In questo caso però, racconta ancora la traduttrice, c’era una difficoltà più profonda:
Lavorare al Re pallido è stato come mettere le mani nella carne viva, dovendo affrontare in molte parti un testo “sporco”, non ancora ripulito dall’autore con la sua solita cura maniacale. Mi capitava di provare un imbarazzo da voyeur, come trovandomi a vedere quello che lui non avrebbe voluto farci vedere, il corpo nudo della sua scrittura. È stato pesantissimo dal punto di vista psicologico. Anche perché in passato Wallace non aveva mai scritto in modo così nudamente autobiografico. È stato come camminare costantemente sui confini di un territorio in cui non mi sembrava giusto entrare, intrattenendo con l’autore un rapporto personale, mentre non deve essere così. Per questo ho cercato di avere il massimo rispetto del testo, trattandolo non tanto come un romanzo, ma come un documento. Perciò, dove la scrittura è sporca, è stata lasciata sporca. In questo caso la resa è stata ancora più letterale del solito, e mi sono data la regola di non correggere anche laddove evidentemente Wallace in un secondo tempo sarebbe intervenuto. Ad esempio, di solito la punteggiatura è meravigliosa, perfetta, chiarissima. In questo caso invece a volte non lo era, ma non è stata toccata. In questo l’Einaudi, e soprattutto Alessandra Montrucchio, che ha fatto la revisione e mi ha aiutata nelle ricerche sui termini tecnici, mi hanno sostenuta molto (Granato 2013).
Con Il re pallido può dirsi conclusa la grande stagione editoriale di David Foster Wallace in Italia, sebbene altre nuove uscite ci siano state e continueranno probabilmente a esserci. Nel 2012 da Einaudi è stato pubblicato, ancora in una traduzione di Giovanna Granato, e con grande successo, Il tennis come esperienza religiosa, che raccoglie due reportage, uno inedito in Italia, Democrazia e commercio agli US Open, e uno, già uscito nel 2010 da Casagrande in una traduzione di Matteo Campagnoli, dal titolo Roger Federer come esperienza religiosa.

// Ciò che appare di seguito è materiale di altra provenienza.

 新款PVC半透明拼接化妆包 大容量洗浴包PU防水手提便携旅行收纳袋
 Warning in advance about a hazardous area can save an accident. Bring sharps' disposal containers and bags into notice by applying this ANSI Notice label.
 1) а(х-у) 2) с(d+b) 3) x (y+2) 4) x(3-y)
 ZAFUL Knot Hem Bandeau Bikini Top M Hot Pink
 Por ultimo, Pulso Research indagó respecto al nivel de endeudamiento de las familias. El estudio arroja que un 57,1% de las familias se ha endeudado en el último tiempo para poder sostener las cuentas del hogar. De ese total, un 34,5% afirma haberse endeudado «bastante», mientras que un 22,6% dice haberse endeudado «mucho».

Per il 2013 sono annunciate diverse novità di non poco conto: Ogni storia d’amore è una storia di fantasmi, ovvero la prima biografia di Wallace, scritta da D. T. Max e tradotta da Alessandro Mari; la traduzione di Giovanna Granato dei saggi uncollected pubblicati nel 2012 da Little, Brown & Co. col titolo Both Flesh and Not; una nuova edizione di Brevi interviste con uomini schifosi che finalmente recupera i tre racconti mancanti; una nuova edizione del Re pallido (negli «Einaudi Tascabili») che presenta in appendice le quattro nuove scene inserite nel paperback dell’edizione statunitense; e infine una nuova edizione di Infinite Jest in cui sono stati corretti i numerosi refusi presenti nelle edizioni cartacee (solo in e-book, un assaggio di quella che sarà l’edizione speciale per il ventennale del libro nel 2016).

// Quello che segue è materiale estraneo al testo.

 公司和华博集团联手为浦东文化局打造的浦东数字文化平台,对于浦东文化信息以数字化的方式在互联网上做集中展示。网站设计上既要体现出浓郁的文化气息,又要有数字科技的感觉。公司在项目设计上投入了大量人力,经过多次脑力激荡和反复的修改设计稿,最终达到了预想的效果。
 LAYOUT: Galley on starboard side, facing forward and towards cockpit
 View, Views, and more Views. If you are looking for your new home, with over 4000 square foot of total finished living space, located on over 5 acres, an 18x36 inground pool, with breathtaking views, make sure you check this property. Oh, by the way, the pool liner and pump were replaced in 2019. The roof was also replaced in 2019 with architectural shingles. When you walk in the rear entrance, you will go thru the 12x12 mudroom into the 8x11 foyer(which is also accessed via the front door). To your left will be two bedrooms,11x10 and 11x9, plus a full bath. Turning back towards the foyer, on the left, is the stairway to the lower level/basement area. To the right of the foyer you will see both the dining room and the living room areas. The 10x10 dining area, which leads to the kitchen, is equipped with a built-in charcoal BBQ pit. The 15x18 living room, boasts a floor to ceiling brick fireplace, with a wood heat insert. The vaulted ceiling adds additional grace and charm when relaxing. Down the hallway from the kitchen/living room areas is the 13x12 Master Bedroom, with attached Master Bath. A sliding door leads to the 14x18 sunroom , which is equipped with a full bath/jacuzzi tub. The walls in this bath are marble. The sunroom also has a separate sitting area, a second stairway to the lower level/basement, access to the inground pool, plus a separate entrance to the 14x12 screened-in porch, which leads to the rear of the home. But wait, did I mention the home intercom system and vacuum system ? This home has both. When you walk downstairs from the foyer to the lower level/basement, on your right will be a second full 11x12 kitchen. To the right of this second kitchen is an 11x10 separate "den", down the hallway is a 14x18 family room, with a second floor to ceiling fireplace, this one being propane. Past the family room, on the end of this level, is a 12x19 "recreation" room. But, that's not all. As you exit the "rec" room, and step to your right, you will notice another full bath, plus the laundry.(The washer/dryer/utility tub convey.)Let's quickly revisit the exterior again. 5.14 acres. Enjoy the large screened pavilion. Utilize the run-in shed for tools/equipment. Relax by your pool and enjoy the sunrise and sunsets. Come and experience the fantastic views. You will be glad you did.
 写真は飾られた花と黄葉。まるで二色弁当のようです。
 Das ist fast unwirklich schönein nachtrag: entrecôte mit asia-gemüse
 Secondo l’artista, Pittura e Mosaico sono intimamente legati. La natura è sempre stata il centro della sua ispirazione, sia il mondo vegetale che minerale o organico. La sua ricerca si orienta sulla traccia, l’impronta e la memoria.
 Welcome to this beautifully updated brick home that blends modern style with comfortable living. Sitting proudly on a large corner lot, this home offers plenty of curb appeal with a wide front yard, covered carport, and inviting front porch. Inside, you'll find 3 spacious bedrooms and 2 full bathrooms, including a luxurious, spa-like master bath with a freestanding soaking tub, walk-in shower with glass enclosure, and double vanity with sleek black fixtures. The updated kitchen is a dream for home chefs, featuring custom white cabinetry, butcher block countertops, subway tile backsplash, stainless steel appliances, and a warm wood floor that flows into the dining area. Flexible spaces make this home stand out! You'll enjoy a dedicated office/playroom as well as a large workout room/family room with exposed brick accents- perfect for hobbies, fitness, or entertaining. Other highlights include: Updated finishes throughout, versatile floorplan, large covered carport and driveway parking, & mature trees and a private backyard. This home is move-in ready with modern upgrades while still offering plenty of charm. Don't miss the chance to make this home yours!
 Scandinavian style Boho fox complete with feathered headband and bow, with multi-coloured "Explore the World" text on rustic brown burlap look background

Da minimum fax invece è in uscita la traduzione delle Conversations with David Foster Wallace curate da Stephen J. Burn (2012), una raccolta delle non molte ma preziose interviste rilasciate nel corso degli anni da Wallace, fra cui, essenziali e citatissime, quelle di Larry McCaffery per la «Review of Contemporary Fiction» (1993) e di Laura Miller per «Salon» (1996). Resta da tradurre la tesi di laurea in filosofia del 1985 Fate, Time, and Language: An Essay on Free Will (Columbia University Press, 2010), e ben poco altro.

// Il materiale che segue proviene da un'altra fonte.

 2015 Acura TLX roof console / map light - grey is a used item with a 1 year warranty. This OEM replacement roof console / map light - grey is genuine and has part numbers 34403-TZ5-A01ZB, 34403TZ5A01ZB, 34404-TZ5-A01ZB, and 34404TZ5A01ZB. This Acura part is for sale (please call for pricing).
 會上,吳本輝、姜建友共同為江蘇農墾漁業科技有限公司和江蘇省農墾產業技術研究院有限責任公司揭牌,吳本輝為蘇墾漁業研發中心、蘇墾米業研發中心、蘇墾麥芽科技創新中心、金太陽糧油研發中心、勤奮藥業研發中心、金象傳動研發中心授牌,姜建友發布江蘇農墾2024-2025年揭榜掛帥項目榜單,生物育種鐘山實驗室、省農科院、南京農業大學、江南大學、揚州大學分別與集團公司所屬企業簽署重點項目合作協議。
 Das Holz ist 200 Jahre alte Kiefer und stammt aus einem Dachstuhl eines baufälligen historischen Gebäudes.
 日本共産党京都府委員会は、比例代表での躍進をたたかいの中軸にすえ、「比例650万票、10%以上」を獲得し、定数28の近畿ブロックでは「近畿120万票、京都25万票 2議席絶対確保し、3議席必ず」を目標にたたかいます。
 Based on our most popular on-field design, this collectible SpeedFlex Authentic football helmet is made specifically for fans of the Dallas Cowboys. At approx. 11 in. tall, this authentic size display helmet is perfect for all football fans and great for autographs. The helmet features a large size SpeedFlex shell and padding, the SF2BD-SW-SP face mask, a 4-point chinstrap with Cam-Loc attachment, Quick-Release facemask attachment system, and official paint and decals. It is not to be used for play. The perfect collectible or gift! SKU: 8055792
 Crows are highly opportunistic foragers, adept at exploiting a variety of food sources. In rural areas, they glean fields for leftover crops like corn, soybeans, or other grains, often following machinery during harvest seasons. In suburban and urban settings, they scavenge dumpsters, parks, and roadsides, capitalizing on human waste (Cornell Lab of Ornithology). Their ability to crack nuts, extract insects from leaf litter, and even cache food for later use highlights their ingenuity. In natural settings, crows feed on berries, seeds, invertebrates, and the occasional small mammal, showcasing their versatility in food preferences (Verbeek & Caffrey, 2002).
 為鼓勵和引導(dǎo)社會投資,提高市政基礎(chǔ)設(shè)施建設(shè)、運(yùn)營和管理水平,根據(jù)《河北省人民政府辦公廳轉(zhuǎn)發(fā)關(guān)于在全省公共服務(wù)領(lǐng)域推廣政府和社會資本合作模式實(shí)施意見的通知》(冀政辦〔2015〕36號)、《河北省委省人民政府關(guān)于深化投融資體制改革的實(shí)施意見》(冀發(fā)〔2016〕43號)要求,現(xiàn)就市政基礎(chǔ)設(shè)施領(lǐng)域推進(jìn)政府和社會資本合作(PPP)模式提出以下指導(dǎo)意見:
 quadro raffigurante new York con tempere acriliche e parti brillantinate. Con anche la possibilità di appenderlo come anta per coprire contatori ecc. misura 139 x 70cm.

Oggi, a vent’anni dalla prima comparsa di un suo testo in Italia, e a cinque dalla morte, la popolarità e l’influenza David Foster Wallace nel nostro paese non accennano a diminuire. Lo dimostrano, oltre alle molte nuove uscite annunciate, la nascita nell’aprile 2011 del sito Archivio David Foster Wallace Italia e la pubblicazione di alcuni saggi critici e libri di interviste (Pennacchio 2009; Lipsky 2011; Susca 2012; Karmodi 2012), nonché di un «diario del dolore» scritto subito dopo la sua morte (Infinite Loss di Salvatore Toscano, 2009). E se è certamente vero che la sua scomparsa tragica e prematura ha contribuito a trasformare lo scrittore in una sorta di personaggio leggendario – e non è certo la prima volta che succede: basti pensare, senza scomodare le rockstar, al caso per certi versi analogo di Roberto Bolaño, e da noi a Sergio Atzeni o, fra i traduttori, Angelo Morino -, non si può non riconoscere che, se per tanti lettori e scrittori del nostro paese Wallace è diventato un punto di riferimento, il merito va anche ai traduttori. Ci troviamo di fronte a un felice paradosso: un autore che molti consideravano intraducibile (e che si considerava intraducibile) è stato non solo tradotto ma tradotto con grandissima fortuna.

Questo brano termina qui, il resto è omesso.